Há de certa forma um desvio de entendimento quando a vítima da “violência ativa”, aquela que sofre o roubo, o assalto, a perda de um ente querido, se defende ao dizer que não é culpada pelas mazelas daquele que a violentou, simplesmente pelo fato de ter melhores condições financeiras, e neste aspecto de fato não o é, pois ter melhores condições financeiras não pode ser considerado violência a outros menos favorecidos.

Talvez eu seja presunçoso em afirmar, más é preciso refletir que dividir a sociedade em ricos e pobres, e culpar  uns pelas mazelas dos outros pela posição econômica que ocupam é grande um “erro”. É preciso repensar a sociedade como  formada por pessoas iluminadas ou esclarecidas e não iluminadas ou não esclarecidas. por óbvio, que se deve considerar, que os níveis de conhecimento são variáveis, não havendo essa taxatividade aqui expressa de iluminados e não iluminados, pois essa forma de me expressar, tem apenas o condão de melhor entendimento.

Com o olhar voltado às expectativas sociais dos menos favorecidos, conseguiremos entender que não é a riqueza que diretamente irá violentar a pobreza, e sim o conhecimento, não aquele doutrinário ou proveniente de uma grade escolar em moldes ultrapassados, más o conhecimento funcional da sociedade, com perspectivas, planos e metas alcançáveis.

Destarte, negar àqueles que vivem na escuridão a “luz”, será então a violência praticada pelos iluminados, é nesse aspecto que se faz necessário que a parte mais esclarecida que é detentora desta luz (denominada de conhecimento), e formadora de opinião, se manifeste por aqueles que não detêm este poder, para que haja a construção de uma sociedade mais justa.
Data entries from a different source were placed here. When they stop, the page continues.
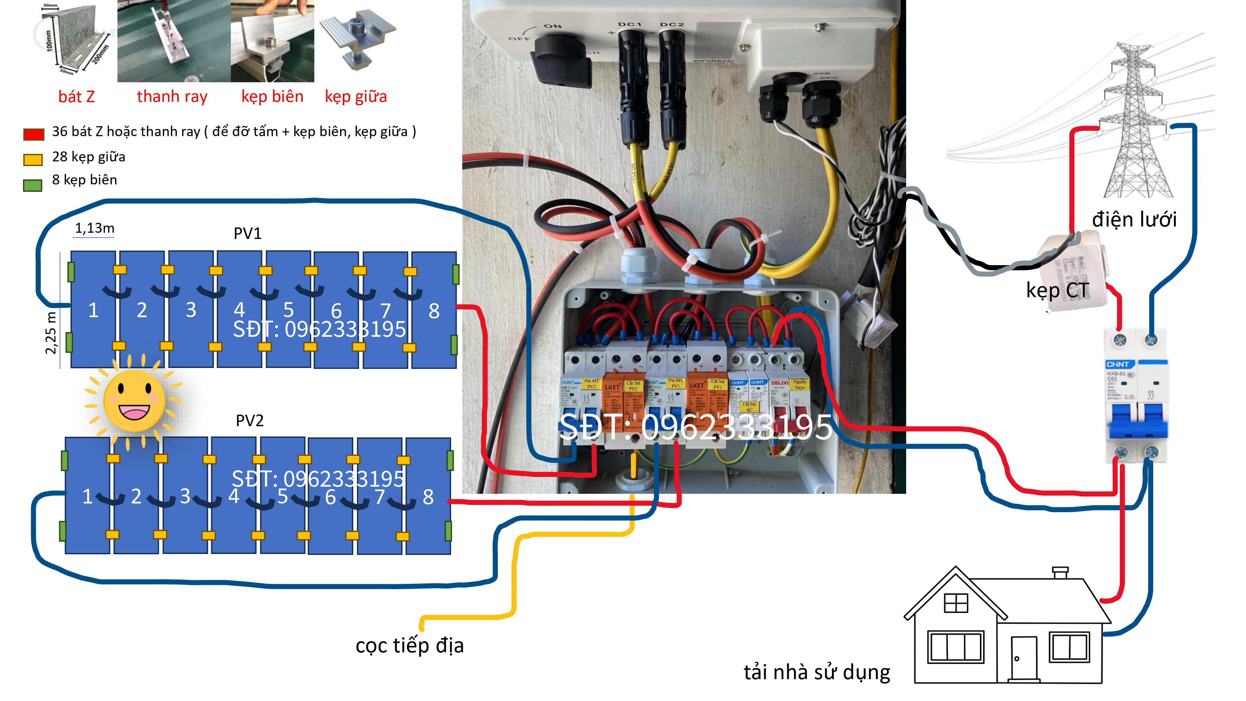 | Bộ điều khiển bám tải (nếu dùng) | Đảm bảo điện mặt trời chỉ cung cấp đúng tải tiêu thụ nội bộ |
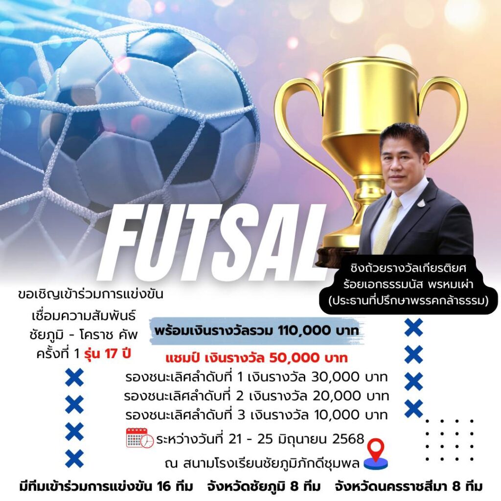 ชัยภูมิเตรียมจัดการแข่งขันฟุตซอลเยาวชน “ชัยภูมิ – โคราช คัพ” ครั้งที่ 1 รุ่นอายุไม่เกิน 17 ปี ชิงถ้วย รางวัลพร้อมเงินรางวัลรวมกว่า 110,000 บาท
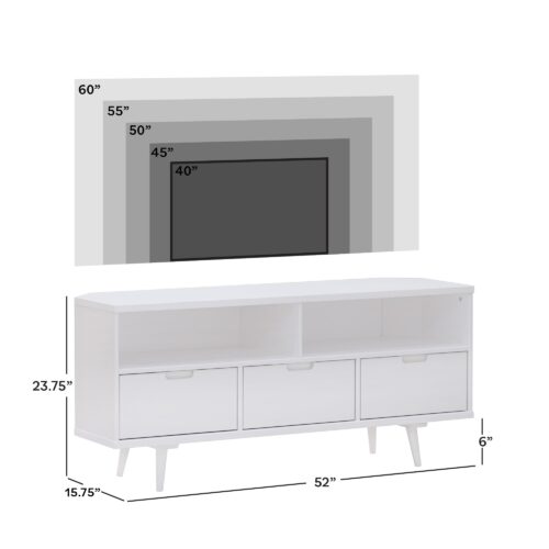 Accentuate your great taste for home décor with this bohemian-inspired TV stand. The tapered wood legs and natural grain finish provide a Mid-century modern feel to your living room or den. Tuck your vast movie collection within the three drawers with attractive cutout handles to get the organized feel you’ve been searching for. Place media components in the two open cubbies for the ultimate home theater experience.
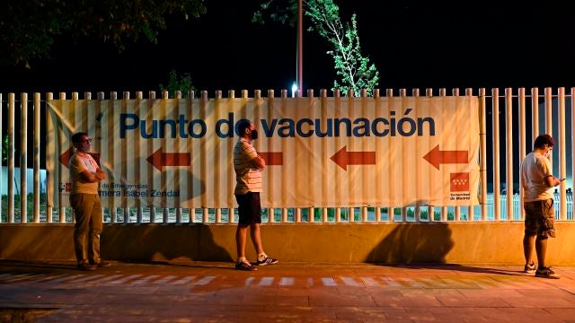 Mientras que en el interior del Zendal todo se asemeja a cualquier jornada de vacunación, en el exterior llama la atención el silencio de la noche cerrada, que solo perturba el sonido de los grillos, y ahora una cola de unas 30 o 40 personas esperando a ser vacunadas contra la covid.
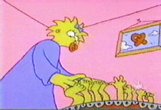 Bart and Lisa hover over Maggie's crib, wondering what she's thinking. Maggie sees them first as demons, and then as defenceless little infants who she towers over and tickles.
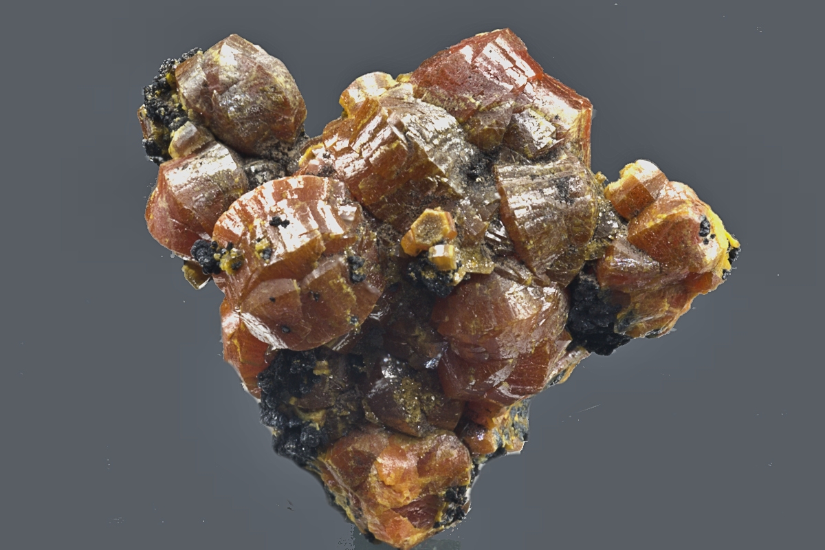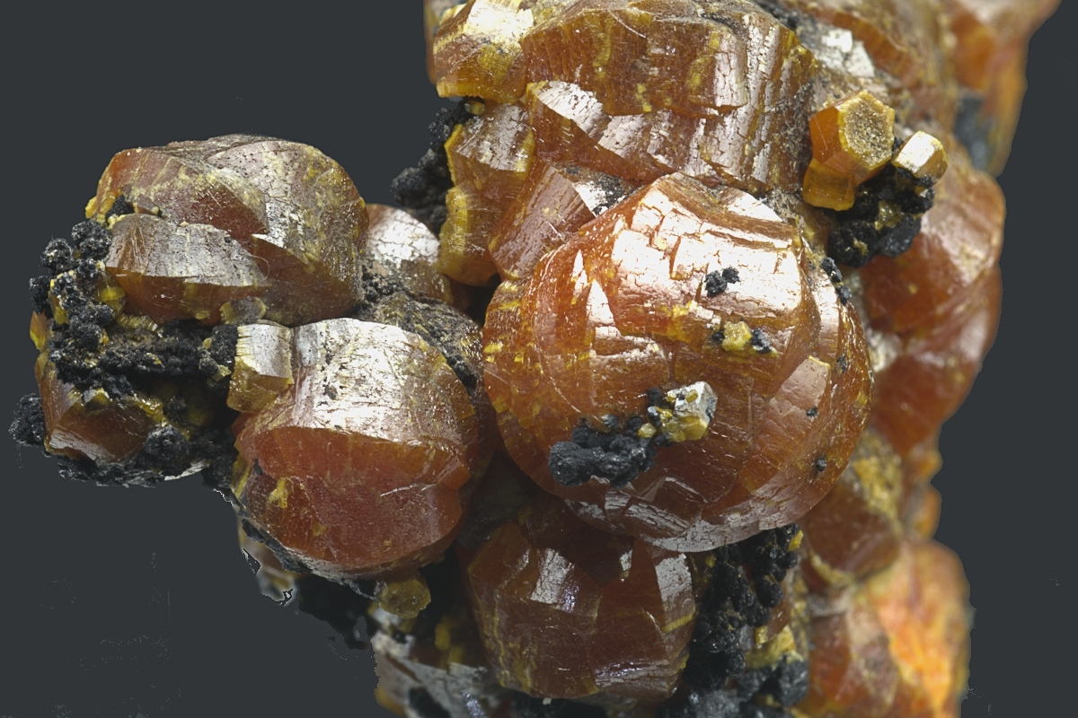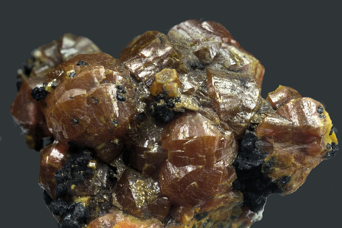 Group of orange-red aggregated Campylite crystals of classic 'Barrel' shaped habit with accompanying black manganese oxide. Ex. David Walker-Barker collection.

Todavia, o que se percebe,  é que se tem uma situação de violência ativa, onde há um alto nível de criminalidade, onde estabeleceu-se o paradigma que seus autores são vítimas da sociedade, e onde na maioria das vezes quando isto é dito, logo é rebatido por pessoas que ocupam uma posição social mais confortável e se isentam de tal responsabilidade, talvez por ausência de conhecimento ou de compreensão da existência da violência passiva, que não é criminalizada (salvo omissão praticada pelo poder público ou por aquele tem o dever de agir),  pois esta não lhe atinge.

Assim, a sociedade “iluminada”, ao se sentir indignada, por compreender apenas a “violência ativa”, lhes assiste a razão, pois à este tipo de violência, são as verdadeiras vítimas. Todavia, o posicionamento omisso da sociedade “iluminada”, ainda que não seja taxado de crime, não deixa de ser uma forma de violência praticada contra aqueles que vivem na escuridão, negando lhes o direito de inclusão social.

A solução do problema criminalidade, não pode ser atribuída tão somente à gestão pública. A parte da sociedade mais consciente, detentora do conhecimento e do poder de manifestação, não deve cruzar os braços e ficar esperando de seus gestores soluções milagrosas, mas sim, deve se conscientizar do seu poder-dever de se  manifestar a favor dos menos favorecidos, na busca dos direitos inclusivos destes, a fim de construir uma sociedade mais justa e solidária.

É importante ressaltar que, uma sociedade bem organizada e justa é benéfica a todos, e reclamar de um sistema, o qual não nos esforçamos a mudar, e ou esperarmos pela mudança da parte incapaz, ainda que essa incapacidade seja relativa, é no mínimo sermos irracionais e ou injustos. Assim, ainda que nos doa, somos vítimas da nossa própria omissão.